(Work request): What is needed is the full listing written out exactly, minus the pictures.

(Supplied data):
—————

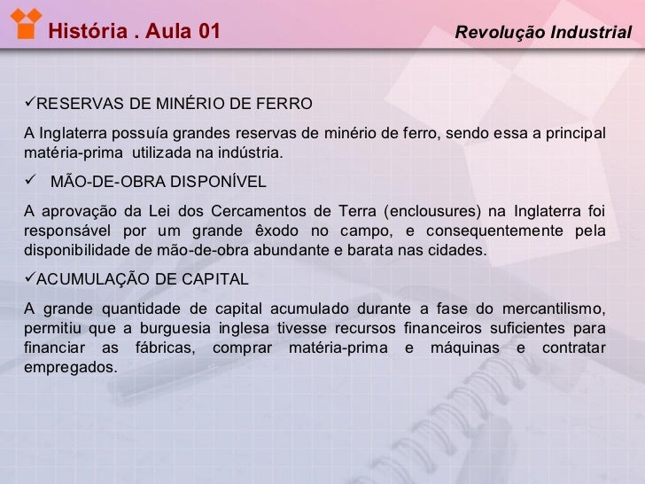 8. 8. História . Aula 01 Revolução Industrial <ul><li>RESERVAS DE MINÉRIO DE FERRO </li></ul><ul><li>A Inglaterra possuía grandes reservas de minério de ferro, sendo essa a principal matéria-prima utilizada na indústria. </li></ul><ul><li>MÃO-DE-OBRA DISPONÍVEL </li></ul><ul><li>A aprovação da Lei dos Cercamentos de Terra (enclousures) na Inglaterra foi responsável por um grande êxodo no campo, e consequentemente pela disponibilidade de mão-de-obra abundante e barata nas cidades. </li></ul><ul><li>ACUMULAÇÃO DE CAPITAL </li></ul><ul><li>A grande quantidade de capital acumulado durante a fase do mercantilismo, permitiu que a burguesia inglesa tivesse recursos financeiros suficientes para financiar as fábricas, comprar matéria-prima e máquinas e contratar empregados. </li></ul>
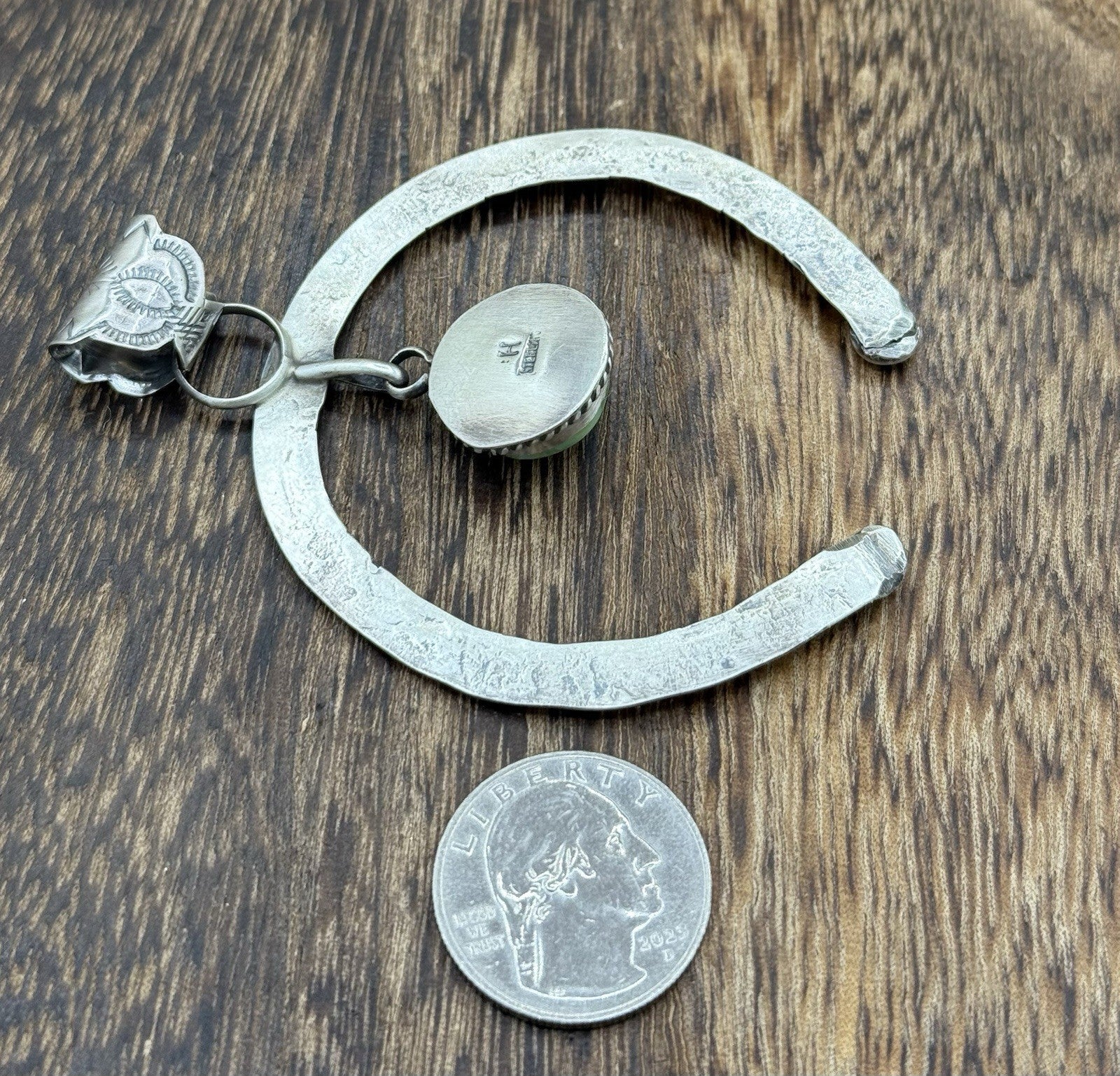 This beautiful pendant is a true work of art. Handmade by Vicky Hicks, a Native American artisan, it features a unique dangle shape and a bezel setting style. The pendant is made of 925 sterling silver and adorned with a stunning turquoise stone.
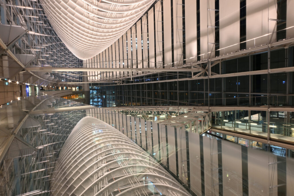 - 東京国際フォーラムのガラス棟の最上階です。手すりのガラス面に写り込んだ天井の造形物をC-PL+ R-Twinkle Star 6Xを重ねてC-PL効果が最大になる様にして撮影。

—————

(Written answer):
 8. 8. História . Aula 01 Revolução Industrial <ul><li>RESERVAS DE MINÉRIO DE FERRO </li></ul><ul><li>A Inglaterra possuía grandes reservas de minério de ferro, sendo essa a principal matéria-prima utilizada na indústria. </li></ul><ul><li>MÃO-DE-OBRA DISPONÍVEL </li></ul><ul><li>A aprovação da Lei dos Cercamentos de Terra (enclousures) na Inglaterra foi responsável por um grande êxodo no campo, e consequentemente pela disponibilidade de mão-de-obra abundante e barata nas cidades. </li></ul><ul><li>ACUMULAÇÃO DE CAPITAL </li></ul><ul><li>A grande quantidade de capital acumulado durante a fase do mercantilismo, permitiu que a burguesia inglesa tivesse recursos financeiros suficientes para financiar as fábricas, comprar matéria-prima e máquinas e contratar empregados. </li></ul>
 This beautiful pendant is a true work of art. Handmade by Vicky Hicks, a Native American artisan, it features a unique dangle shape and a bezel setting style. The pendant is made of 925 sterling silver and adorned with a stunning turquoise stone.
 - 東京国際フォーラムのガラス棟の最上階です。手すりのガラス面に写り込んだ天井の造形物をC-PL+ R-Twinkle Star 6Xを重ねてC-PL効果が最大になる様にして撮影。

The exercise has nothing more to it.